U kijkt naar de website van NRC Handelsblad gedurende de periode 1995-2001. Bezoek ook de de huidige site.

NIEUWS  TEGENSPRAAK  SUPPLEMENT  DOSSIERS  ARCHIEF  ADVERTENTIES   SERVICE


Affaire Srebrenica

Nieuws

Chronologische reconstructie

Commissie Bakker

Achtergrond

Opinie

Links

Top militaire geheime dienst weg na `fouten'

Door een onzer redacteuren
DEN HAAG, 14 JULI. Het hoofd en het plaatsvervangend hoofd van de Militaire Inlichtingendienst (MID ) hebben gisteren hun functie neergelegd. Volgens minister De Grave (Defensie) heeft de top van de dienst een `ernstige beoordelingsfout' gemaakt door hem niet op de hoogte te stellen van een MID -onderzoek naar rechts-extremistisch gedrag van vier Dutchbat -militairen in Srebrenica.

Het hoofd van de MID , luchtmachtgeneraal H.J. Vanderwijer, en zijn plaatsvervanger, R. Wielinga, hebben na een `indringend gesprek' met de minister hun `consequenties' getrokken en hun functie `ter beschikking gesteld', zo staat in een brief van de minister aan de Tweede Kamer. In overleg met de topambtenaren wordt naar een nieuwe functie binnen Defensie gezocht. Volgens De Grave is dit een `adequate sanctie'.

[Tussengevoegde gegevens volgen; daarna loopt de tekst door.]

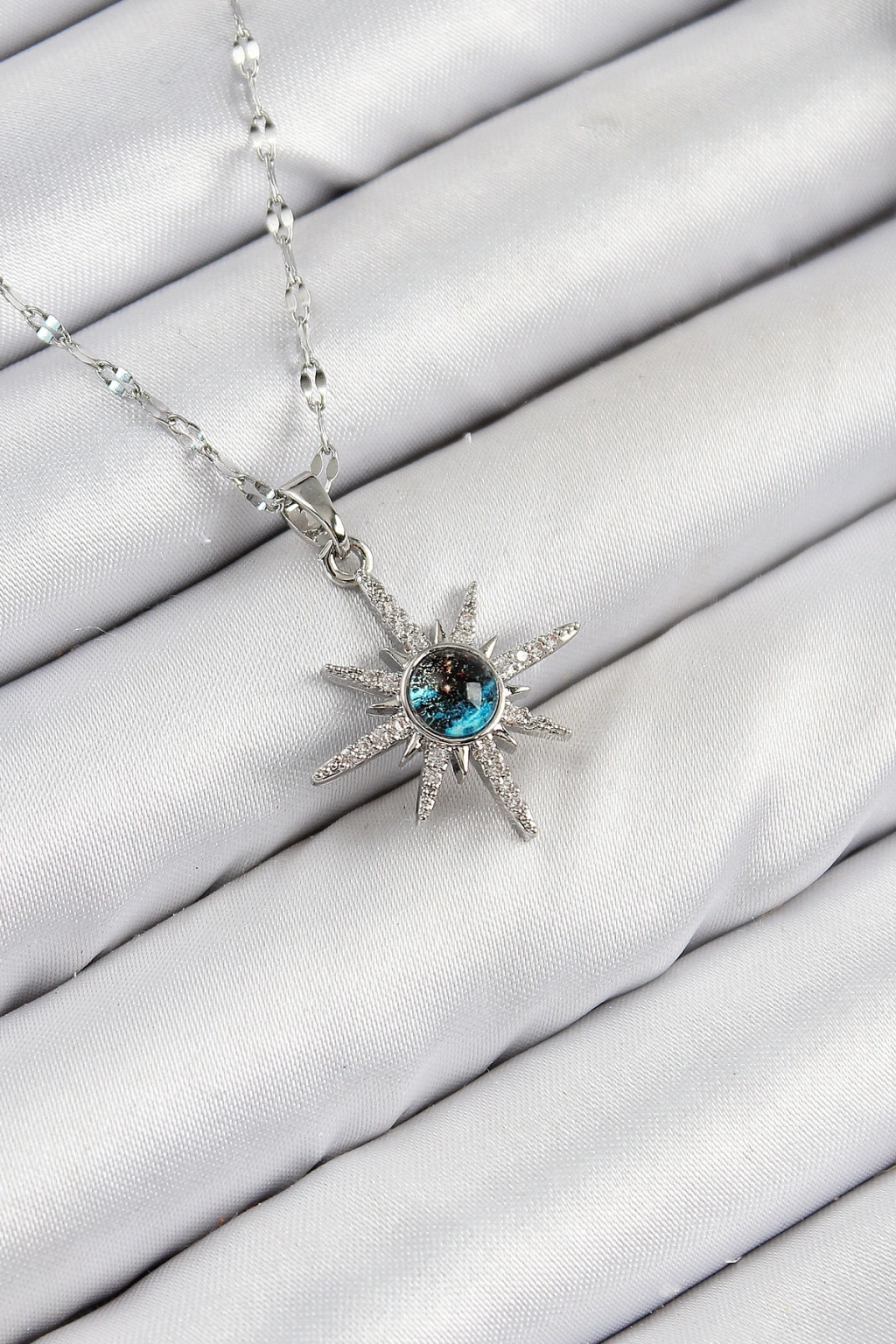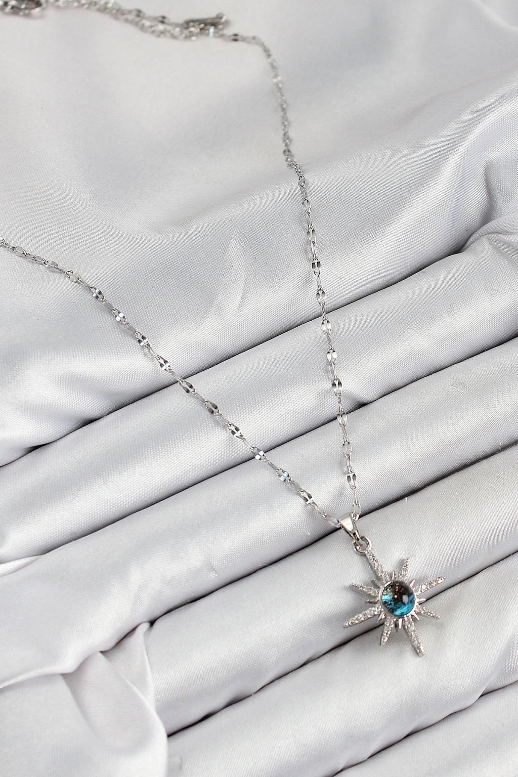 Erb 316L Çelik Zirkon Taşlı Kutup Yıldızı Model Gümüş Renk Kadın Kolye
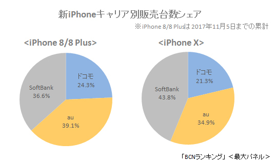 「iPhone X」に限ったキャリア別販売台数シェアは、ドコモ21.3%、au34.9%、ソフトバンク43.8%。「iPhone 8/8 Plus」では、発売後5日間の時点と変わらず、auがトップを保っているが(詳細は<新iPhone、前年を下回る低調なスタート、キャリア別ではauが4割占める>を参照)、「iPhone X」は、iPhoneを独占販売していた期間の長いソフトバンクがauを抑え、トップに立っている。

Vanuit de Tweede Kamer is met imstemming op het ingrijpen van De Grave gereageerd. Tussen februari 1996 en februari 1997 heeft de MID vier verslagen gemaakt van gesprekken over vermeend rechts-extremistisch gedrag van Dutchbat -militairen in Srebrenica. Noch De Graves voorganger Voorhoeve, noch de commissie-Van Kemenade die de rol van Defensie inzake Srebrenica onderzocht, is daarvan op de hoogte gebracht. Volgens het MID is dit niet gebeurd omdat er ,,geen nieuwe feiten waren vastgesteld''. De Grave werd pas twee weken geleden geïnformeerd, aan de vooravond van een Kamerdebat. De Grave meent dat dit een `ernstige beoordelingsfout' was van de MID -top. ,,Het is voor een bewindspersoon, ook in het functioneren naar de Kamer, essentieel dat hij beschikt over alle relevante informatie. Dat is een essentiële schakel in een parlementaire democratie'', aldus de minister. Hij vindt het `betreurenswaardig' dat de topambtenaren hun functie moeten neerleggen, maar ook `onvermijdelijk'.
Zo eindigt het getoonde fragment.